Lutfian Ubaidillah, S.H., M.H.: RUU KUHAP Baru Terkesan Ada Pengkebirian Kepada Salah Satu APH*

*Lutfian Ubaidillah, S.H., M.H.: RUU KUHAP Baru Terkesan Ada Pengkebirian Kepada Salah Satu APH*
Menaranews.online”Jember, 6 Februari 2025
Wacana revisi Kitab Undang-Undang Hukum Acara Pidana (KUHAP) kembali menuai kritik dari kalangan akademisi dan praktisi hukum. Dalam diskusi yang digelar di Studio IJTI Jl. Dewi Sartika, Kaliwates, Kamis (6/2), Lutfian Ubaidillah, S.H., M.H., Pengurus DPC Peradi Jember, mengkritisi rancangan undang-undang ini yang dinilai masih memiliki banyak kekurangan dan terkesan mengurangi kewenangan salah satu Aparat Penegak Hukum (APH).
“Perubahan undang-undang harus dilakukan dengan pertimbangan matang agar menjadi solusi, bukan malah menimbulkan masalah baru. KUHAP yang baru seharusnya menutupi kekurangan dari KUHAP lama, bukan merombak total tanpa memperhatikan norma dan kondisi empirik,” tegasnya.
Salah satu kritik utamanya adalah terkait penghapusan tahap awal penyelidikan. Menurutnya, daripada menghilangkan penyelidikan, lebih baik dilakukan pembenahan terhadap kualitas Sumber Daya Manusia (SDM) di tahap pertama agar lebih efektif. “Hanya perlu adanya limitasi waktu dalam proses penyelidikan, bukan menghilangkannya sepenuhnya. Asas praduga tak bersalah juga perlu tetap menjadi pertimbangan utama, sementara RUU KUHAP yang baru justru hanya bertolak ukur pada peralihan kewenangan,” ujarnya.
Selain itu, ia juga menyoroti kecepatan dalam pengesahan RUU KUHAP yang dinilai tergesa-gesa. “KUHP yang baru akan mulai diberlakukan pada tahun 2026, sementara KUHAP direncanakan disahkan pada tahun 2025. Seharusnya ada sinkronisasi yang lebih matang agar tidak menimbulkan benturan dalam implementasinya,” tambahnya.
Lutfian Ubaidillah juga menyoroti adanya pasal yang dinilai mengebiri salah satu instansi dalam sistem peradilan pidana.

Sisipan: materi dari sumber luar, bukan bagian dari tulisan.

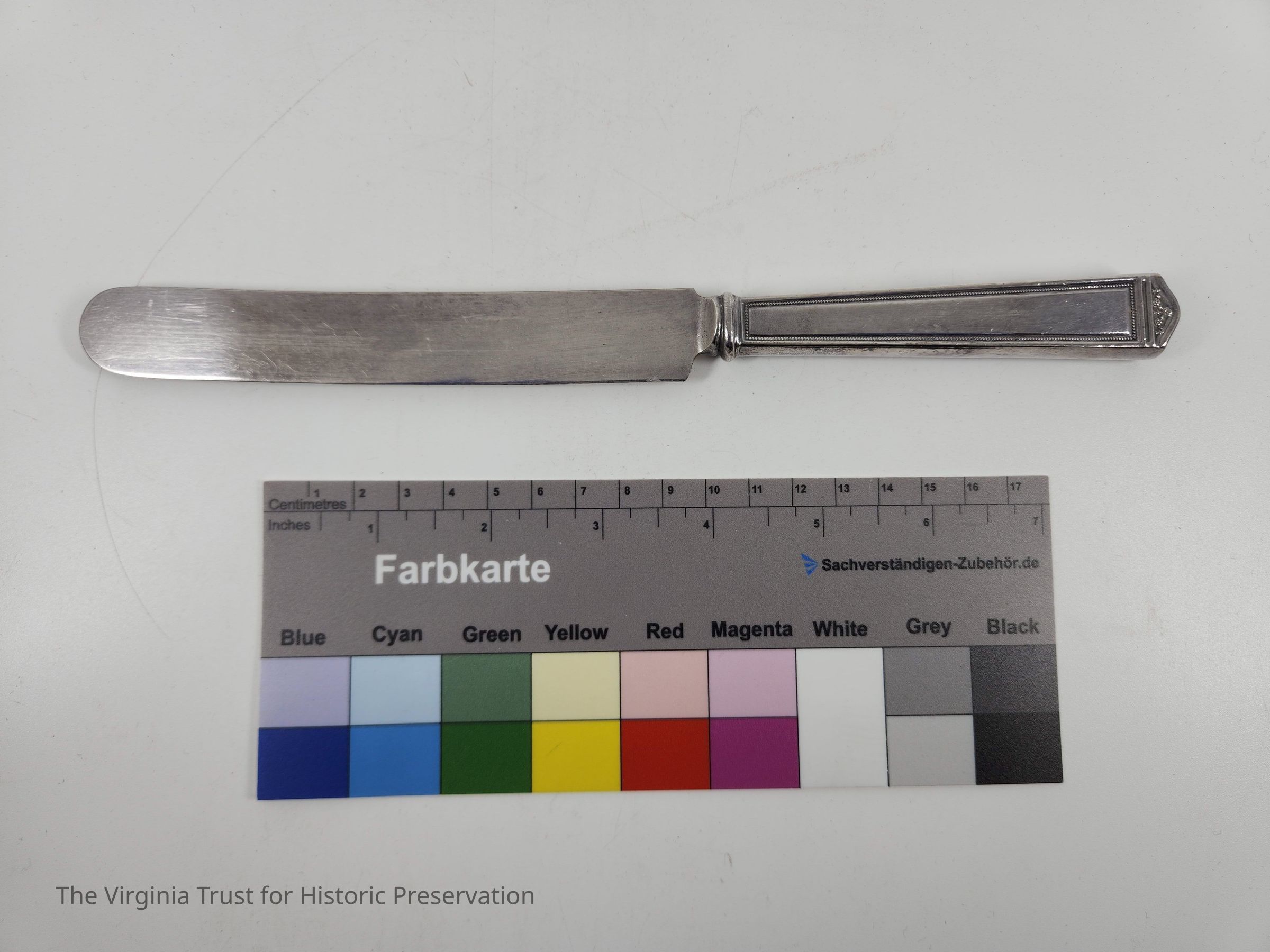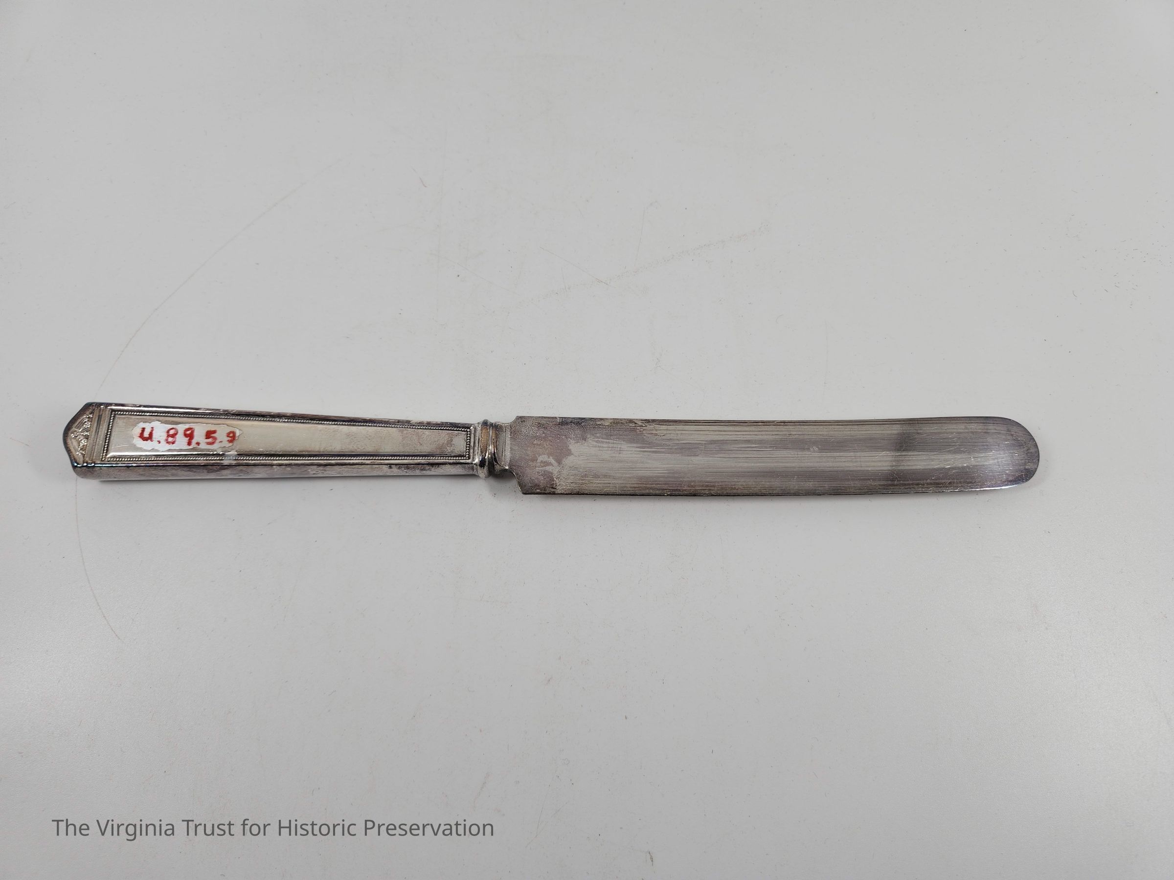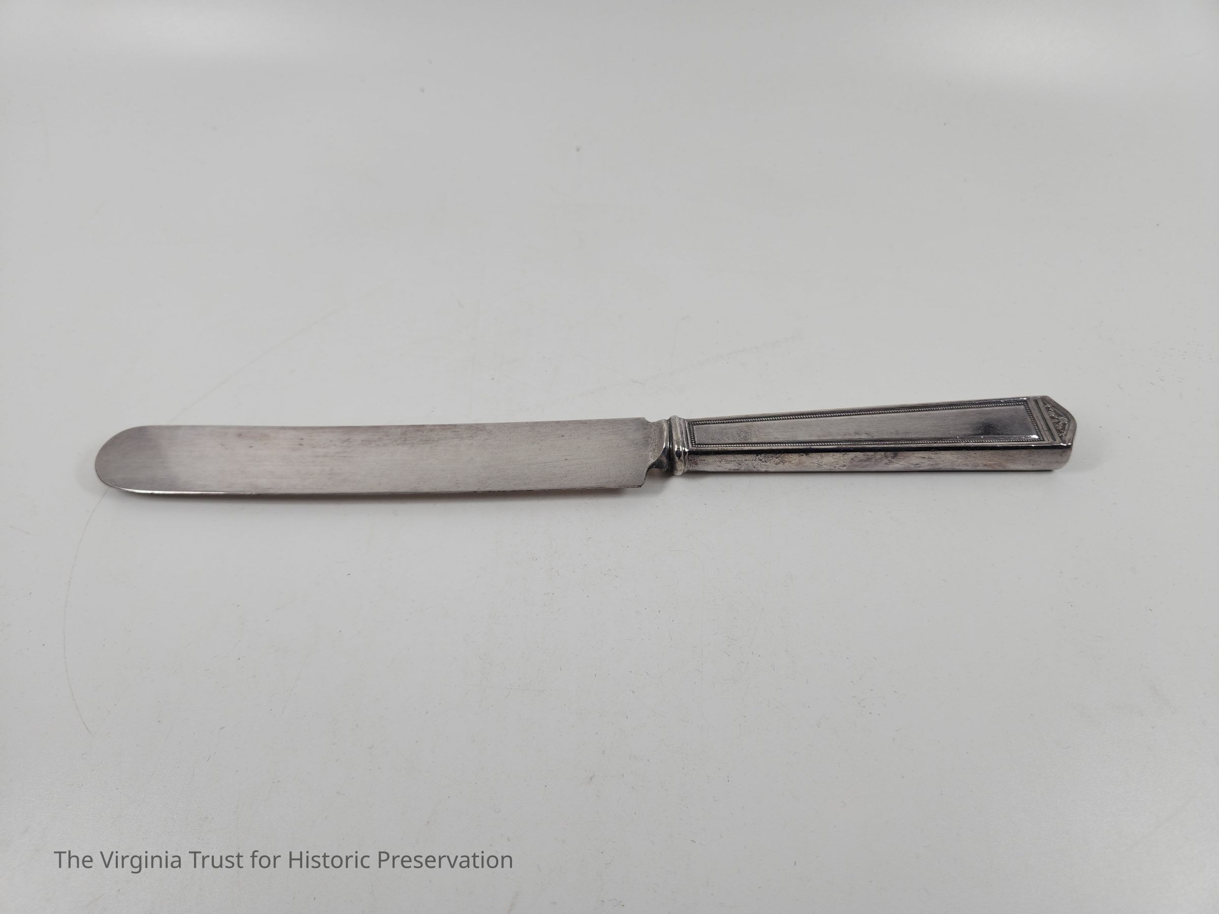 Part of 20 piece set, one of eight coin silver dinner knives in set. 1847 Rogers Bros. Anniversary pattern.

Menurutnya, sistem peradilan yang terintegrasi harus diperkuat, bukan justru dikurangi kewenangannya. “Lebih baik memperbaiki sistem protokol yang lebih bagus, meningkatkan kualitas SDM, serta menegaskan limitasi waktu dalam prosedur hukum dibanding memangkas kewenangan lembaga tertentu,” jelasnya.

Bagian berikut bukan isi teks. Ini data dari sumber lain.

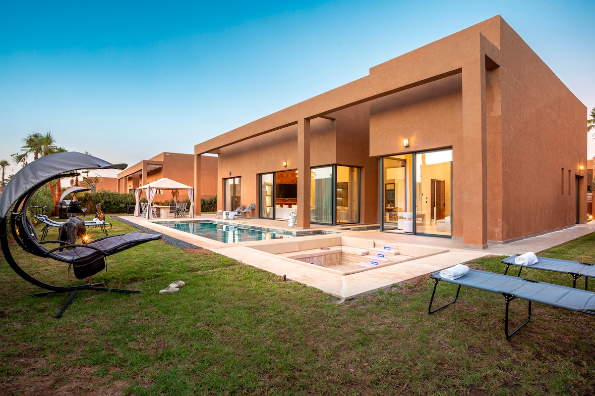 Odkryj naszą willę w pięknym klubie golfowym Samanah, oferującą ciszę i spokój. Zaledwie 15 minut od centrum miasta i lotniska, ten klimatyzowany obiekt o powierzchni 200 m² oferuje wiele tarasów, ogromny i prywatny bujny ogród oraz prywatny basen (ogrzewanie jest dostępne na życzenie) z oszałamiającymi widokami na zachód słońca. Ciesz się wspaniałym polem golfowym zaprojektowanym przez Nicklausa i dźwiękiem ptaków. Poczuj marokańską atmosferę Beldi Chic na niezapomniany pobyt. Całodobowa ochrona zapewnia spokój ducha.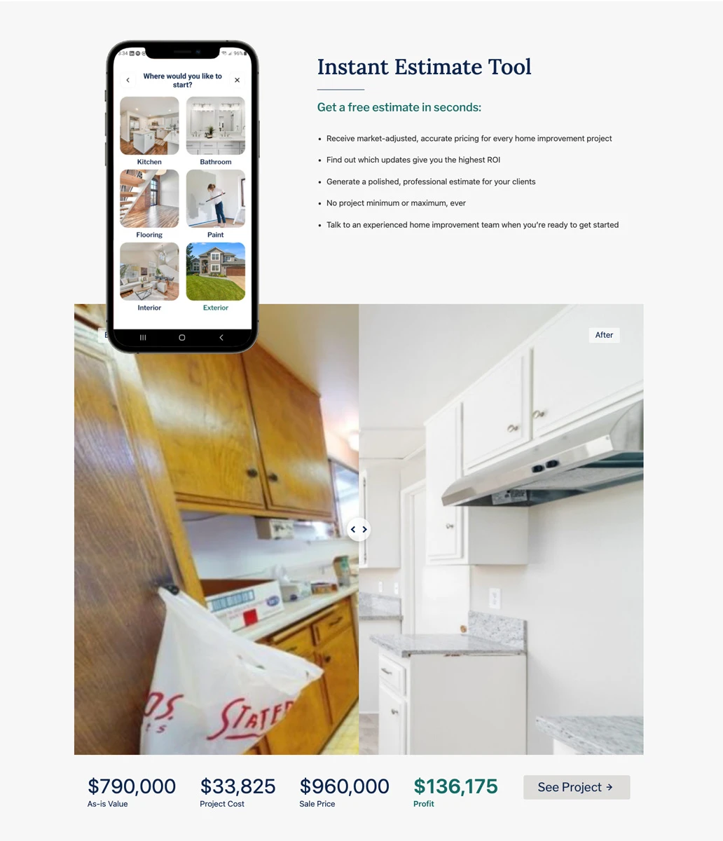 Photography of tasteful living spaces has great appeal. The value proposition was to 1.) Switch emphasis on the homepage from the transaction between agents & homeowners to showing the quality and impact of Curbio’s renovation results. 2.) Give more prominence to ROI for homeowners, realtors, and agents after Curbio’s intervention.

Sebagai penutup, Lutfian Ubaidillah menegaskan, revisi KUHAP sebaiknya tetap mempertahankan sistem penyelidikan yang terpadu dengan tahapan yang hampir sama dengan KUHAP lama, namun dengan perbaikan yang diperlukan tanpa memangkas kewenangan instansi terkait. “Jangan sampai kita mengubah sesuatu yang sudah ada tanpa perhitungan matang, karena ini menyangkut kepentingan hukum dan keadilan masyarakat,” pungkasnya.

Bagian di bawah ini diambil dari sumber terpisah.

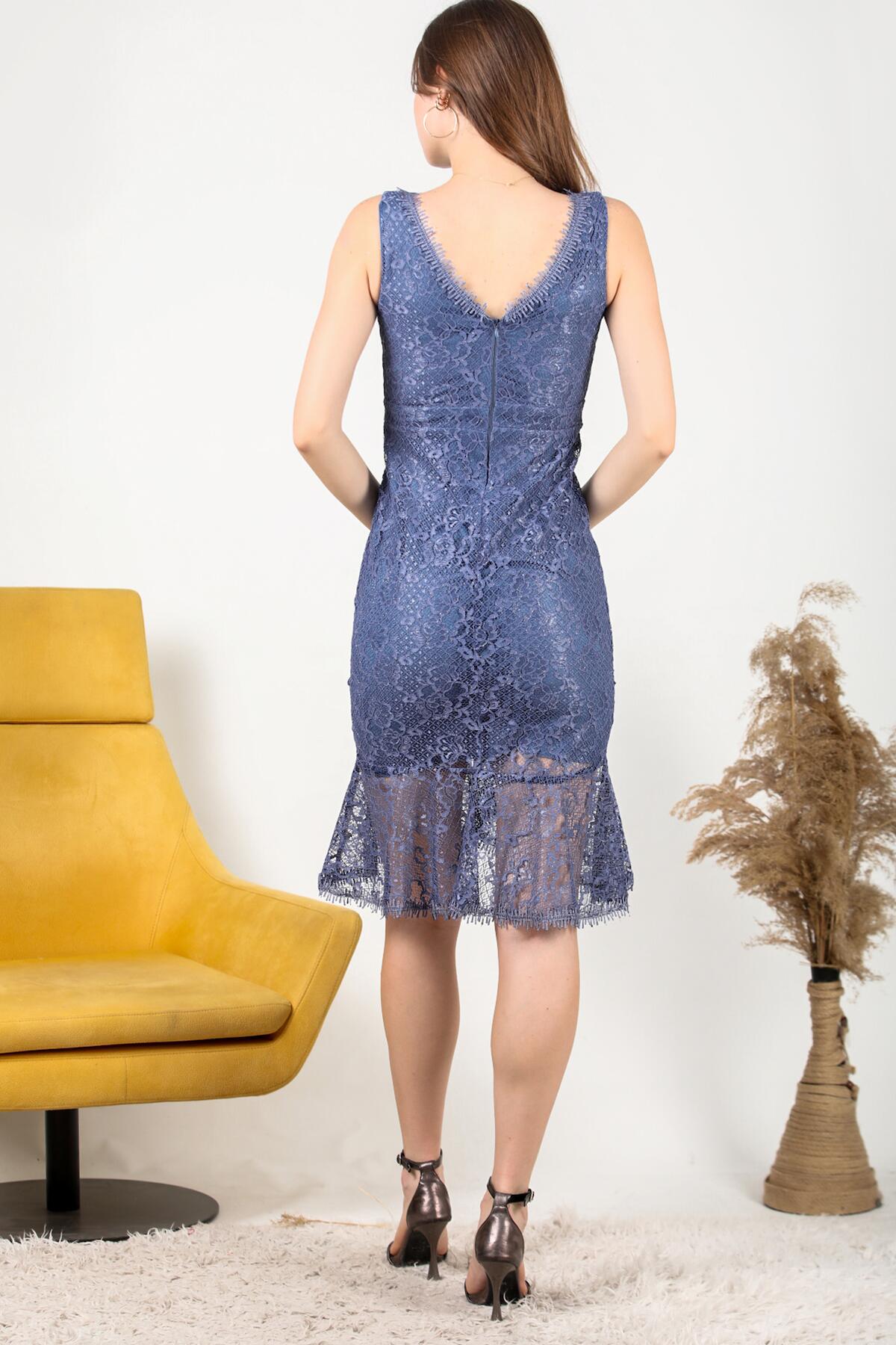 Kadın Dantelli Midi Boy Elbise İndigo

Dalam diskusi ini, turut hadir sebagai narasumber Prof. Dr. KH. M. Noor Harisudin, S.Ag, S.H., M.Fil.I, CLA, CWC (Guru Besar UIN KHAS Jember, Pengurus Pusat APHTN-HAN) dan Ahmad Suryono, S.H., M.H. (Dekan Fakultas Hukum Universitas Muhammadiyah Jember). Keduanya juga memberikan pandangan kritis terhadap RUU KUHAP yang masih memerlukan banyak perbaikan.